Estimating penny population parameters

In this example we’ll use a System Dynamics model to estimate the total number of pennies in circulation, based upon the number of pennies produced in a given year, and the number of pennies in a coin jar.

We start with a simple aging model for pennies, in essence a second order delay. Pennies are minted each year, and go into a stock of ‘post production’ pennies that are distributed to banks, etc. After this they go into general circulation, from which they are eventually lost.

In this analysis we’ll try and infer the parameters for entry into circulation and loss based upon the number of pennies produced in each year, and a random sample of pennies taken from circulation over a four year period. An interesting component of this analysis is that it requires a whole suite of models (one for each model year) but these models don’t interact with one another except through the sampling and statistical analysis we perform.

In this demo, we’ll use ‘pymc’, a package for doing markov chain monte carlo analysis.

%pylab inline
import pandas as pd
import pysd
import pymc as mc
Populating the interactive namespace from numpy and matplotlib
WARNING (aesara.tensor.blas): Using NumPy C-API based implementation for BLAS functions.

Load Model

To get a sense for how the model behaves, we’ll run it with arbitrary parameter values. We see that pennies enter the ‘post production’ stock quickly, and the ‘in circulation’ stock grows, peaks, and decays as the pennies get lost.

plt.figure(figsize(6,2))
model = pysd.read_vensim('../../models/Penny_Distribution/penny_jar.mdl')
model.run().plot()
<AxesSubplot:>
<Figure size 600x200 with 0 Axes>
../../_images/Penny_Jar_3_2.png

Load Data

We’ll start with some data about the number of coins produced in each year. We have production data for both the Denver and Philadelphia mints:

production = pd.read_csv('../../data/Penny_Jar/Production_Figures.csv', index_col='Year')
production.plot()
plt.title('Pennies Produced Per Year');
../../_images/Penny_Jar_5_0.png

We’ll also use ‘data’ (pennies) collected in a penny jar over the last few years

coin_counts = pd.read_csv('../../data/Penny_Jar/pennies_in_jar.csv', index_col='Year')
coin_counts.sort_index().plot()
plt.title('Pennies in my Jar');
../../_images/Penny_Jar_7_0.png
coin_counts.sum()
All_Marks       1004
Denver           209
Philadelphia     795
dtype: int64
plt.figure(figsize=(12,5))
plt.bar(coin_counts.index, coin_counts['Philadelphia']/sum(coin_counts['Philadelphia']))
plt.title('Predicted Pennies in Jar', fontsize=16)
plt.xlabel('Mint Year', fontsize=16)
plt.ylabel('Likelihood for any given penny', fontsize=16)
plt.xlim(1950,2015)
(1950.0, 2015.0)
../../_images/Penny_Jar_9_1.png

Set up models

We set up a model for each year that pennies are produced, and initialize them with production data.

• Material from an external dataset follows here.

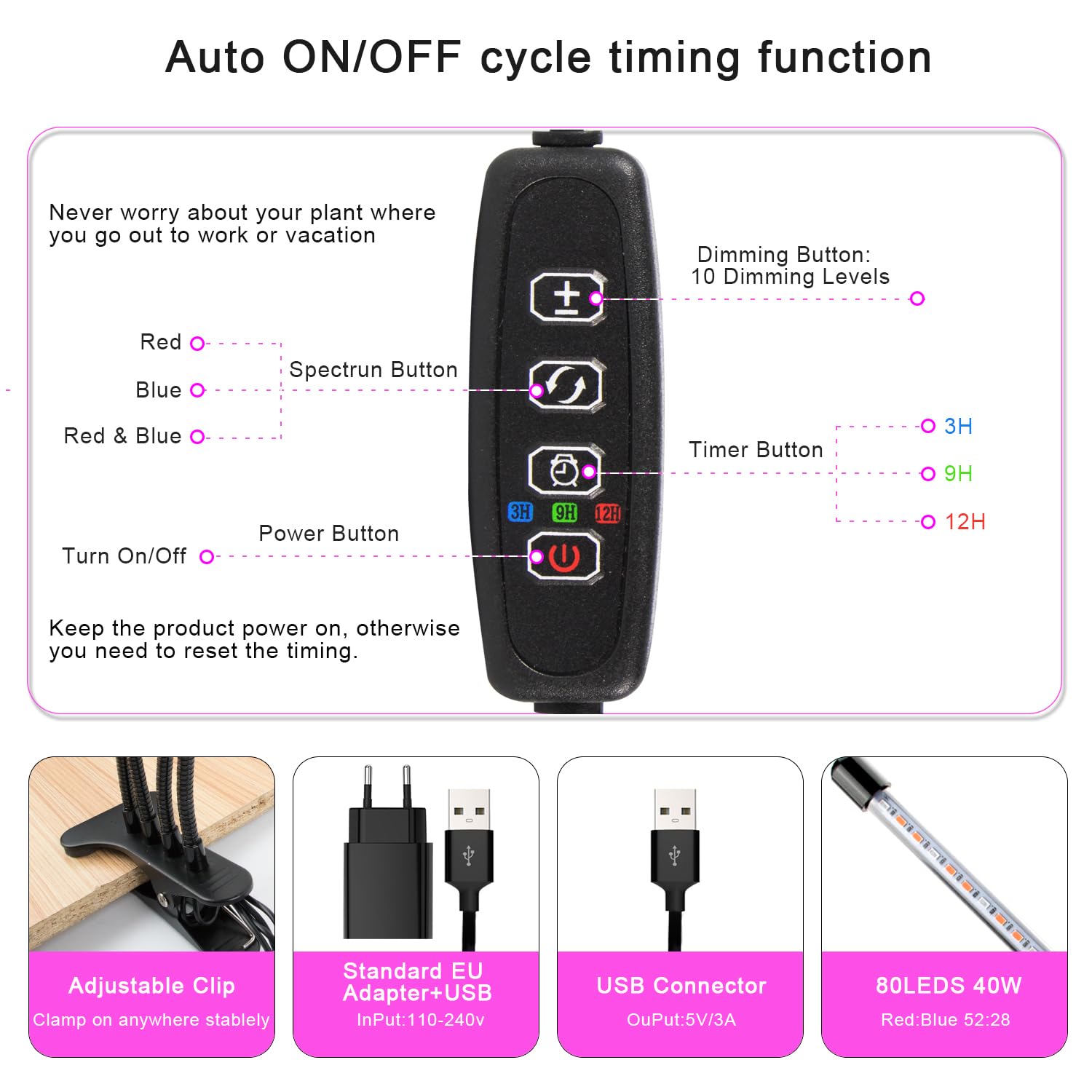 [LED plant light with automatic on/off and memory function] Plant light with 3 timer settings (3H / 9H / 12H). Once set, the plant light will automatically turn on and off every day. Let your favorite plants be taken care of even during holidays or weekends. Grow light for vegetative phase: 9 hours, flowering phase/fruit formation: 12 hours.

We divide the data to put pennies in units of 100,000 to make life easier for the integrator. This won’t matter in the end, as we normalize the distribution of pennies in circulation before we take our samples.

#load a model for each mint year
models = pd.DataFrame(data=[[year, pysd.read_vensim('../../models/Penny_Distribution/penny_jar.mdl')] for year in range(1930,2014)],
                      columns=['Year', 'model'])

models.set_index(keys='Year', drop=False, inplace=True)

#bring in the data on production
models['Philadelphia Production'] = production['Philadelphia'] / 100000
#production will now be in units of hundred-thousands

#bring in the sample data
models['Philadelphia Samples'] = coin_counts['Philadelphia']

#set the mint year parameters properly
for index, row in models.iterrows():
    row['model'].set_components({'production_year':row['Year'], 'production_volume':row['Philadelphia Production']})

#drop rows (probably at the end) which are missing data
models.dropna(inplace=True)

models.tail(30).head(5)
Year model Philadelphia Production Philadelphia Samples
Year
1983 1983 Translated Model File: ../../models/Penny_Dist... 77523.55000 24
1984 1984 Translated Model File: ../../models/Penny_Dist... 81510.79000 19
1985 1985 Translated Model File: ../../models/Penny_Dist... 56484.89887 26
1986 1986 Translated Model File: ../../models/Penny_Dist... 44913.95493 22
1987 1987 Translated Model File: ../../models/Penny_Dist... 46824.66931 14

Set up a Markov Chain Monte Carlo Analysis

MCMC works by choosing an arbitrary value from a distribution of input parameters, running the simulation, and asking what the likelihood of the data is given those parameters. It then decides whether to keep the selected parameters to display in an output distribution based upon this likeliood.

We start then by setting up a ‘prior’ distribution for the loss rate and entry rate parameters that will be applied to each of the mint year models.

entry_rate = mc.Uniform.dist('entry_rate', lower=0, upper=.99, value=.08)
loss_rate = mc.Uniform.dist('loss_rate', lower=0, upper=.3, value=.025)

We’ll ask our models for the population of coins from which the sample was drawn, and as this happened over a period of time, not all in the same timestep, we’ll assume that there is equal likelihood that a sample was drawn (or a penny collected) any time during that window.

We then construct a function that returns to us the likelihood of the data given the distribution of pennies in circulation, as calculated by our model.

PyMC expects this likelihood to be expressed as a log probability, to give resolution in the ‘very small likelihood’ regimes that our model will predict for our observations.

def get_population(model, entry_rate, loss_rate):
    in_circulation = model.run(params={'entry_rate':entry_rate, 'loss_rate':loss_rate},
                               return_columns=['in_circulation'],
                               return_timestamps=range(2011,2015))
    return in_circulation.mean()

@mc.stochastic(trace=True, observed=True) #stupid observed flag! got to get that right!
def circulation(entry_rate=entry_rate, loss_rate=loss_rate, value=1):

    mapfunc = lambda x: get_population(x, 1*entry_rate, 1*loss_rate)
    population = models['model'].apply(mapfunc)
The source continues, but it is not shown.